Clodomiro Almeyda, siempre nos indicó por sus escritos, a las futuras generaciones de socialistas, un marco político, de reflexión profunda de cómo y cuando decir, y accionar. Siempre cauto, siempre firme, siempre con un coraje pocas veces visto, que logró con su ejemplo que nadie pudiese cuestionar su liderazgo a pesar de estar detenido por la dictadura, y que nos insistimos en no perder jamás de vista.

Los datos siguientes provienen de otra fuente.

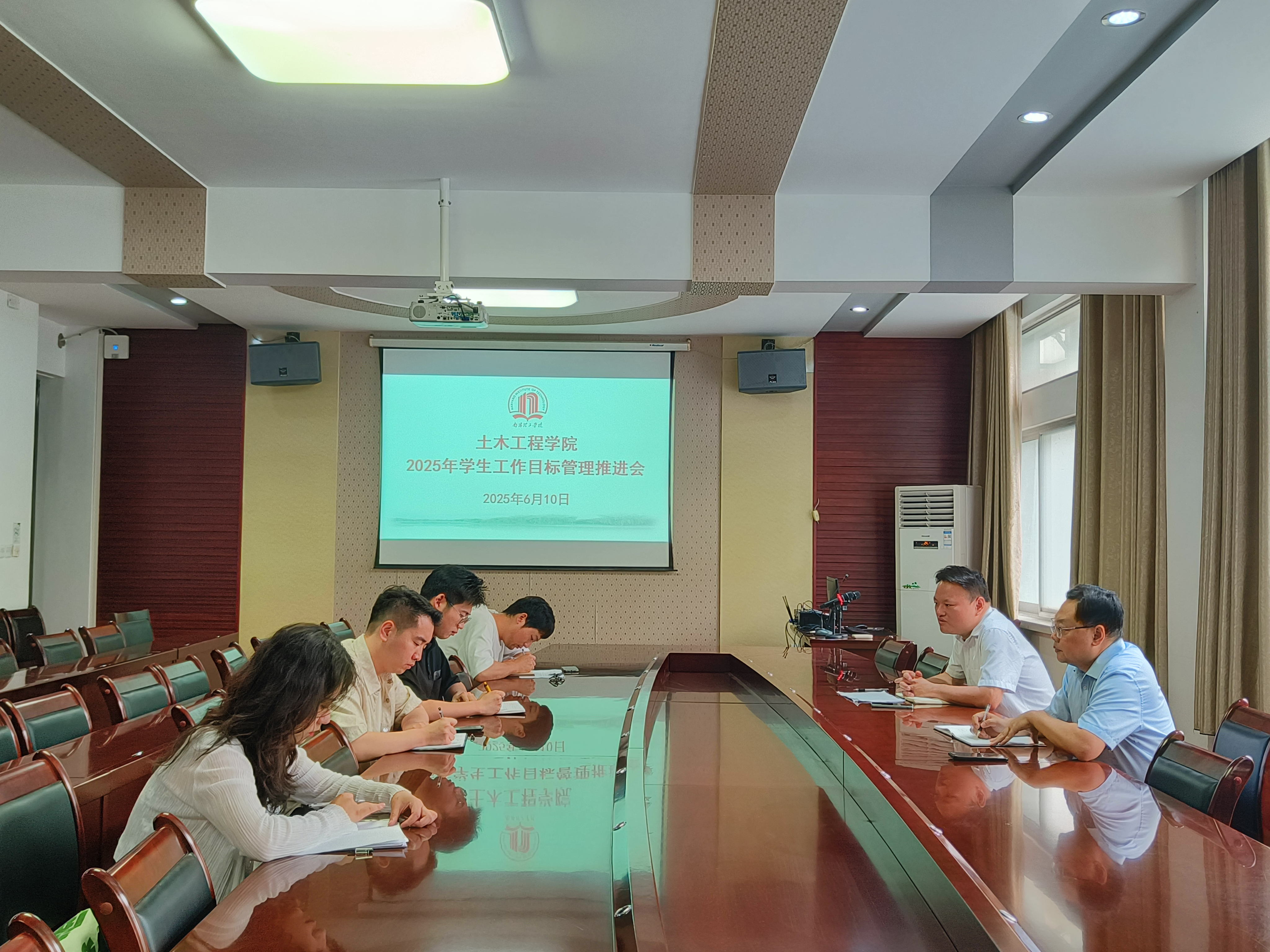 6月10日上午,土木工程学院在会议室召开2025年学生工作目标管理推进会,学院党委书记田进军出席,全体辅导员参加,会议由党委副书记冯博主持。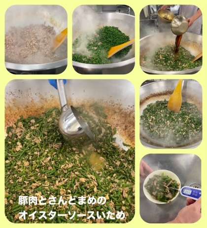 「豚肉とさんどまめのオイスターソースいため」は、豚肉、さんどまめをいため、濃口しょうゆ、オイスターソースで味付けします。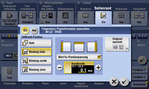 [Bindung links]/[Rechtsbindung] | Wählen Sie die Bindeposition für die Ausgaben aus. |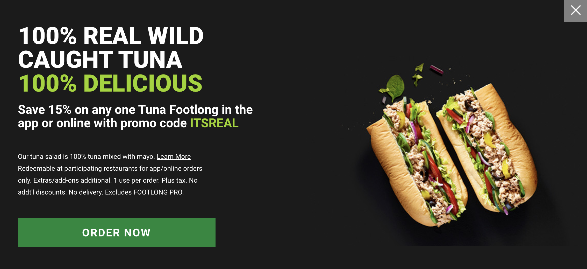 Cuando visitas la página web de Subway ahora mismo, aparece una oferta que te anima a pedir un bocadillo, promocionando que su pescado es "100% atún real capturado en la naturaleza, 100% delicioso". A continuación, comparten que se puede obtener un 15% de descuento en un sub de atún footlong pidiendo en la aplicación o en línea con un código promocional. Aunque la cadena no menciona explícitamente la demanda en el pop-up, el código promocional es "ITSREAL". En una declaración anterior a Delish, Subway calificó la demanda de "infundada".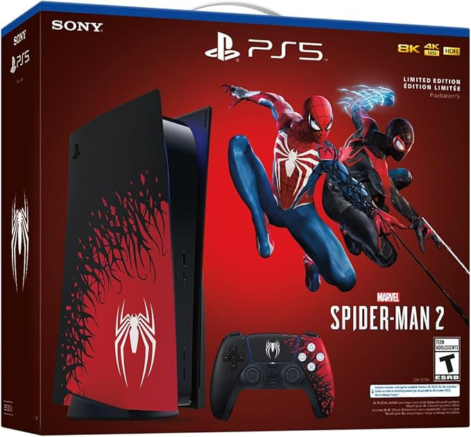 Get ready to dive into the world of gaming with the PlayStation®5 Console – Marvel’s Spider-Man 2 Limited Edition Bundle. This special edition console comes with unique Spider-Man designs and offers top-of-the-line gaming performance. It features ultra-fast load times, smooth gameplay, and amazing 4K visuals. Powered by a high-speed 1TB SSD and advanced AMD technology, it brings you a truly immersive gaming experience. The included DualSense wireless controller gives you haptic feedback and adaptive triggers for more precise control. This exclusive bundle is a must-have for collectors and Spider-Man fans.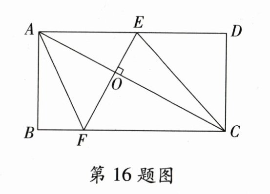 16. 如图,在矩形 ABCD 中,AB = 5,AD = 10,E 是边 AD 上的动点,过点 E 作 EF⊥AC,分别交对角线 AC,直线 BC 于点 O,F,在点 E 移动过程中,AF + FE + EC 的最小值为________。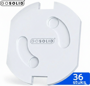 Pack com 36 protetores de tomada GO SOLID! na cor branca. Instalação fácil: sistema encaixável que bloqueia o acesso aos contatos elétricos. Material robusto e resistente a crianças, design discreto para a casa. Compatível com tomadas padrão, ideal para bebés e crianças pequenas.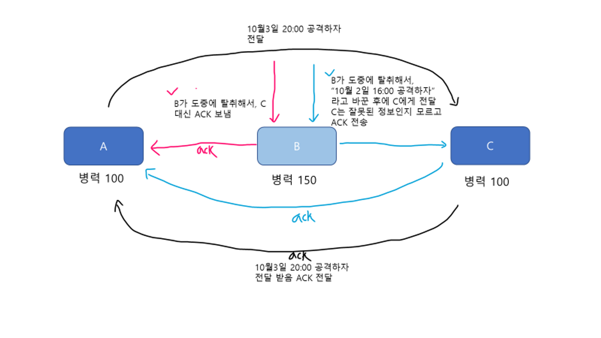 - 파란색 선은 B가 A의 정보를 탈취한 후, 다른 시간으로 바꿔서, B에게 전달 하고, B는 잘못된 정보인지 모르고 ACK를 날려 서로 다른 시간에 공격을 해서 패배하게 된다.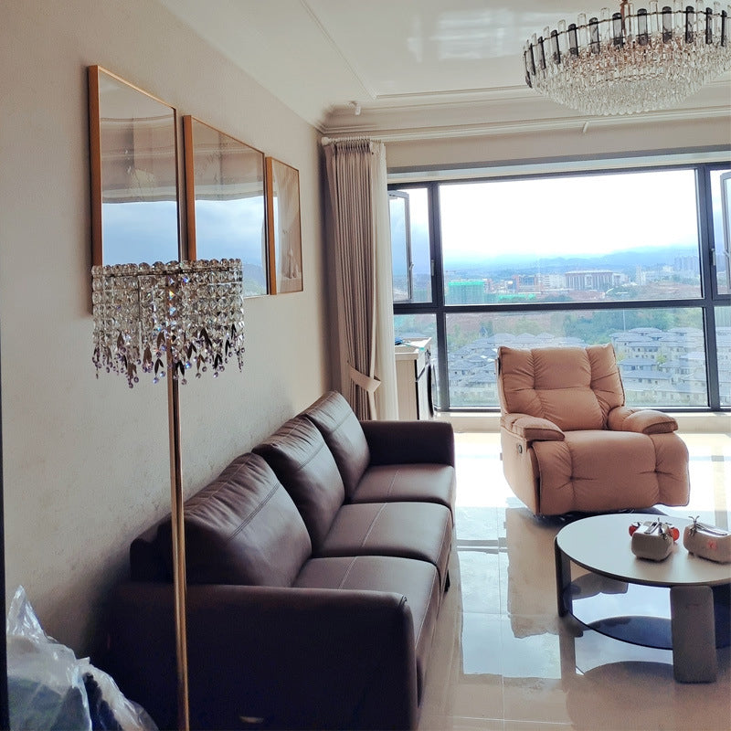 Traditional Luxury Round Crystal Stainless Steel Iron 1-Light Standing Floor Lamp For Bedroom

¿Quien no recuerda las campañas electorales, donde entramos a los hogares de nuestros compatriotas?, algunos nos ofrecían bebidas, agua, hasta almuerzo y siempre nos decían los del lado, “yo estuve con Allende, mi mamá era Allendista; que bueno que ustedes, que son más jóvenes, sean socialistas y les interese la política”, nosotros respondíamos, si, somos parte del legado de dignidad política del compañero, somos de la escuela del compromiso a toda prueba; sacábamos pecho muy orgullosos y seguíamos en camino.
Cuantas veces nos ha pasado que compañeras y compañeros, humildes, en condiciones económicas complejas, no te aceptan ni un peso, debido a que se mueven por esa convicción maravillosa que nos legaran mujeres y hombres, entre ellos don Cloro (quien un día como hoy cumpliría 92 años)
Junto con un grupo de compañeros y compañeras de la dirección regional de Valparaíso, el día 2 de febrero de 2015, tomamos la decisión de “decir algo”; resolvimos, más allá del fondo y las consecuencias electorales evidentes, hacer un paralé a lo que es injustificable. Lo mismo creo, que debemos hacer ahora.
Lo que ha pasado con Sebastián Dávalos y Natalia Compagnon, es impresentable. No podemos compararlo con el caso Penta (delito) o con el uso de información privilegiada del gobierno anterior; claramente es incomparable, pero ¿a nadie le hace ruido esta situación?, ¿a nadie le dolió el estómago enterarse de la noticia en desarrollo? Cuando algo así pasa en nuestra trinchera, indigna el doble.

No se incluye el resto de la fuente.